JEREMY CLACKSON, our transport correspondent, is holding on tight for a bumpy ride over London’s public transport finances
According to an internal Transport for London report obtained by Inside Croydon, the Mayor of London has been forced to abandon all major tram infrastructure projects for the foreseeable future.
The only planned capital spending on the tram network will be on essential safety work arising from the Sandilands tram crash.
The report, compiled by TfL officials, was circulated at City Hall this week, and categorises the transport authority’s projects by the four categories used in their business planning, from “Critical – Needed to maintain current safety level; or legally required to be safe and operable”, to “Deprioritise – Projects that could be deprioritised and are more discretionary in nature”.
Works arising as a result of the Sandilands crash remain listed by TfL under “Critical” capital projects.
Listed as “Deprioritise” is the loopy Dingwall Loop project, originally devised to make it easier for cars to drive into the giant new Westfield supermall. Improvements and extensions to the platforms at Elmers End tram stop are also deferred, seemingly indefinitely.
There is no mention in the report of any of the hoped-for extensions of the tram network, such as to Crystal Palace, which was a fully funded project and ready to go until Boris Johnson took over as London Mayor in 2008, while the more recently floated Sutton branch extension of the tram network doesn’t figure in this report at all.
As the report admits, TfL’s budgets are under sever pressure, with vital income from fares down against what had been forecast, and predictions of fare income for the next five years lowered by more than £2billion.
And the report does not even mention the late-running, over-budget CrossRail project.
Among the spending projects chucked overboard is £100million saved by not doing any proactive resurfacing works for two years on the major routes for which TfL has responsibility. Which could make for a bumpy ride ahead of the 2020 London Assembly elections.

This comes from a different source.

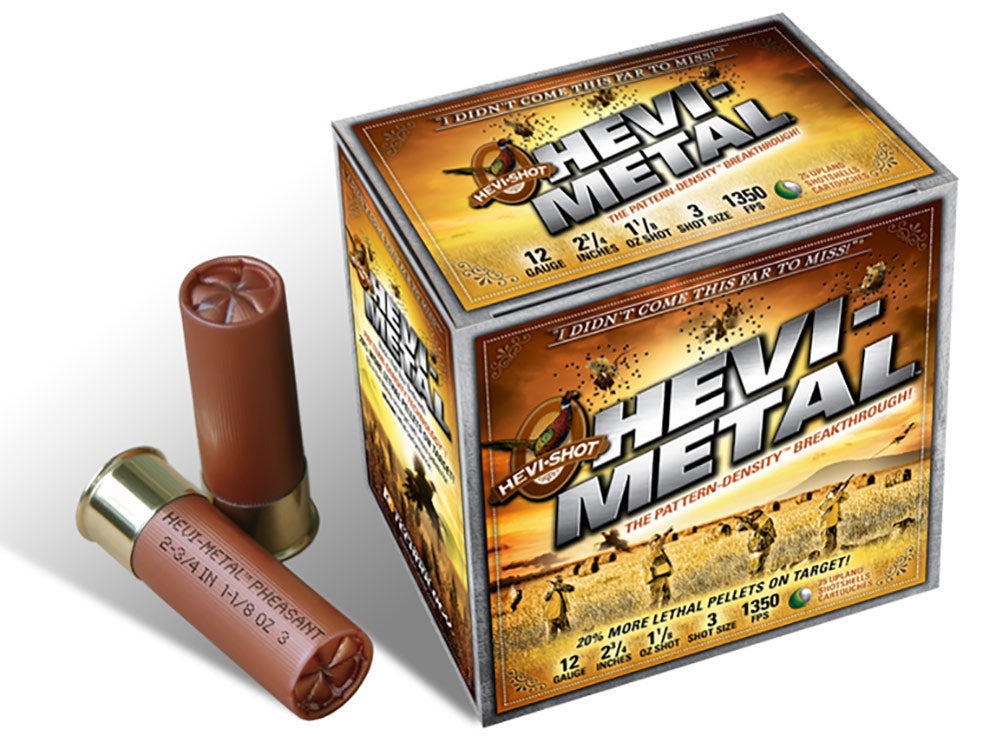 One of the most effective non-toxic upland loads is Hevi-Metal Pheasant. Like Hevi-Metal waterfowl loads, it features a duplex payload of tungsten-based Hevi-Shot pellets stacked atop standard steel pellets. The Hevi-Shot pellets provide long-range lethality, while the steel component fills in gaps and improves pattern density. Using steel shot also reduces the overall cost per shell compared to a 100 percent Hevi-Shot load. The result is tungsten performance at a reasonable price. Hevi-Metal Pheasant is available in both 2 3/4-inch 12- and 20-gauge in shot sizes 4 or 5. The 12-gauge offering pushes its 1 1/8-ounce payload at a speedy 1,500 fps, while the 20-gauge version throws a 7/8-ounce charge at 1,300 fps. Roosters Iβve bagged with Hevi-Metal Pheasant suffered multiple lethal pellet strikes, which is always the best way to prevent wounded runners from escaping.

“At TfL we are managing a number of financial challenges,” the report begins. “A subdued national economy has slowed ridership across the country and reduced fare revenue. Despite a recent upturn in Tube ridership, passenger numbers have been down, particularly on buses.
“Against a cautious set of forecasts in our last annual budget, overall fare revenue is up 2 per cent compared to last year – just above expectations. However since the Mayor’s first TfL Business Plan in December 2016, our predicted fares income for the next five years has been re-forecast to be around £2.1billion lower than originally expected, due to the state of the wider economy.”
Such cuts and restrictions will come as a bitter blow to the current Mayor of London, Sadiq Khan, whose father was a bus driver, apparently.
Khan, who is up for re-election in 2020, was warned by Labour Party colleagues before he took over at City Hall that his policy of a fares freeze, while a surefire vote-winner, would box his TfL finances into a corner during uncertain times. And so it has proved.
Of the projects being “deprioritised”, the report says of the Elmers End tram scheme: “while this scheme would improve the tram network, no specific capacity uplift depends upon it, and there is limited potential for third-party funding”.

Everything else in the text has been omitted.